§ **PROVIDED INFORMATION**
- - -

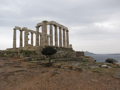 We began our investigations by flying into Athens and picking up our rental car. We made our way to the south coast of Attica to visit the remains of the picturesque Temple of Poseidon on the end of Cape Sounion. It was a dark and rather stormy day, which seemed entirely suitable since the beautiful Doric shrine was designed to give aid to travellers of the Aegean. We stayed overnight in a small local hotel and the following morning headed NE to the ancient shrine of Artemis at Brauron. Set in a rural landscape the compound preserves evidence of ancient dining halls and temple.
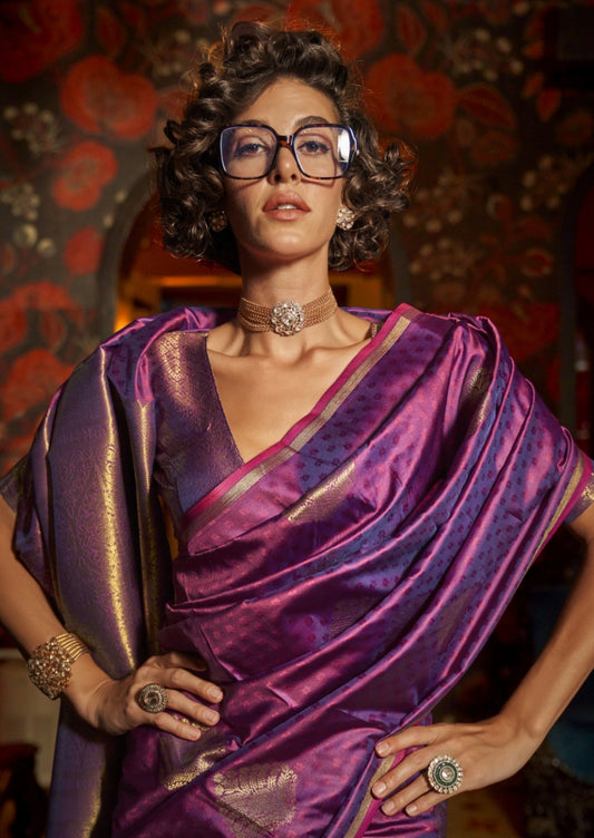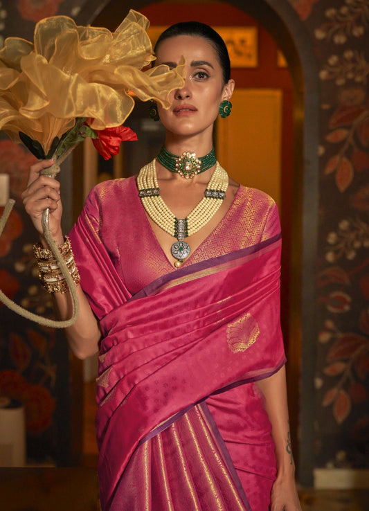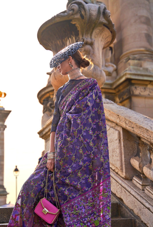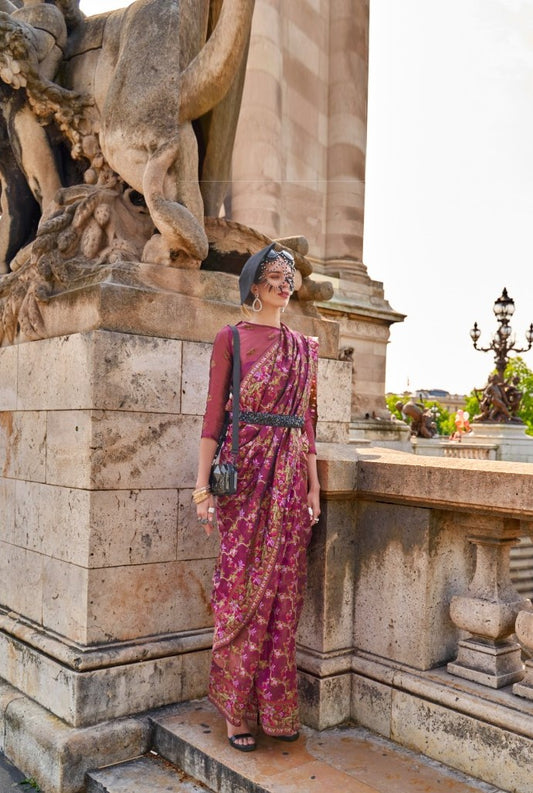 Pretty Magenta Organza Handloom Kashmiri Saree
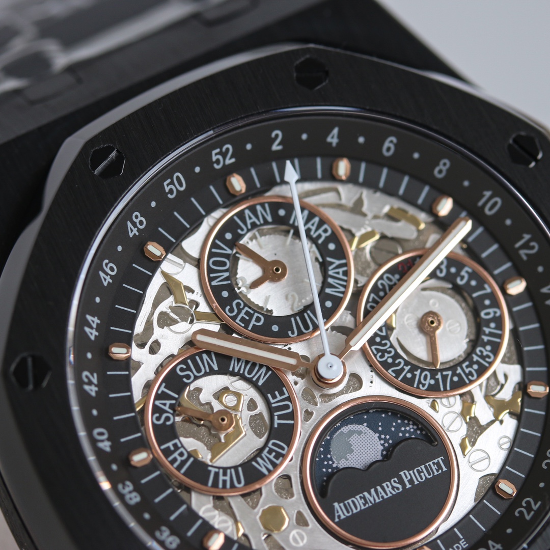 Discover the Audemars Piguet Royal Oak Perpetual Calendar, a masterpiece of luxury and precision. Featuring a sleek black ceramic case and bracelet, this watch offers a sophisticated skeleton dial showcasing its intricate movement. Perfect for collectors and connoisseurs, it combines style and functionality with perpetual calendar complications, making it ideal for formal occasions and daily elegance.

- - -

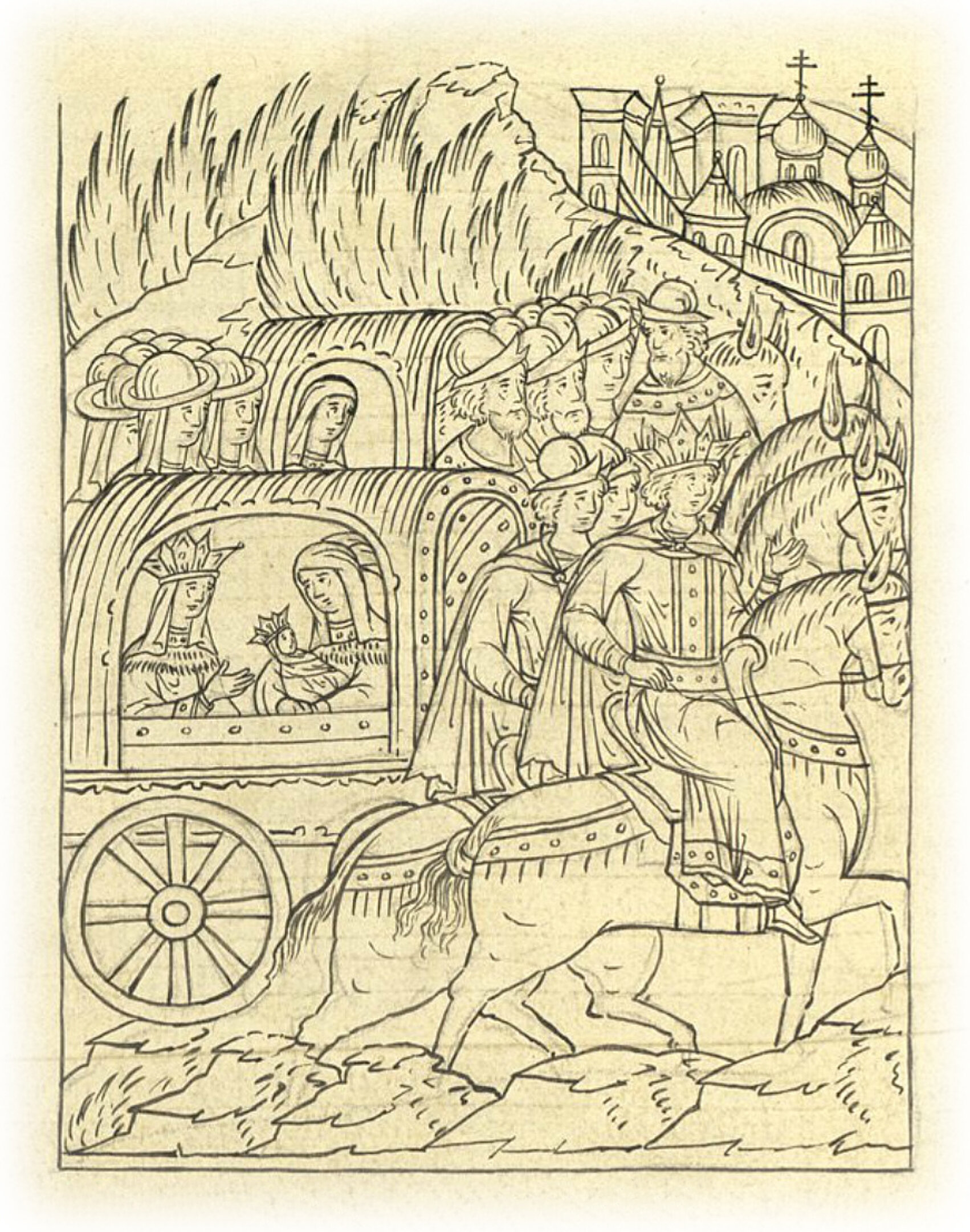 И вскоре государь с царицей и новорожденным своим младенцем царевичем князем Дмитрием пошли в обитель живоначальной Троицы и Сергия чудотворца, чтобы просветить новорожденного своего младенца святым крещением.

- - -

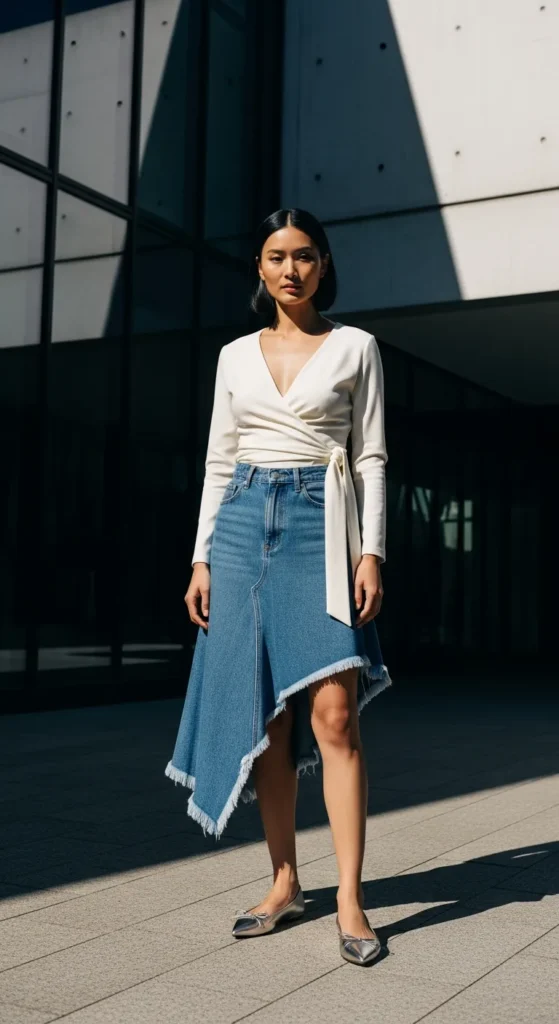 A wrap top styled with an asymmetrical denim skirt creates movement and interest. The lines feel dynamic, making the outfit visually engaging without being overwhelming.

- - -

§ **PROBLEM TO SOLVE**
Retype the lines above exactly as they appear, from the line containing "Pretty Magenta Organza" through the line containing "Discover the Audemars", and leave out any pictures.

§ **YOUR SOLUTION**
 Pretty Magenta Organza Handloom Kashmiri Saree
 Discover the Audemars Piguet Royal Oak Perpetual Calendar, a masterpiece of luxury and precision. Featuring a sleek black ceramic case and bracelet, this watch offers a sophisticated skeleton dial showcasing its intricate movement. Perfect for collectors and connoisseurs, it combines style and functionality with perpetual calendar complications, making it ideal for formal occasions and daily elegance.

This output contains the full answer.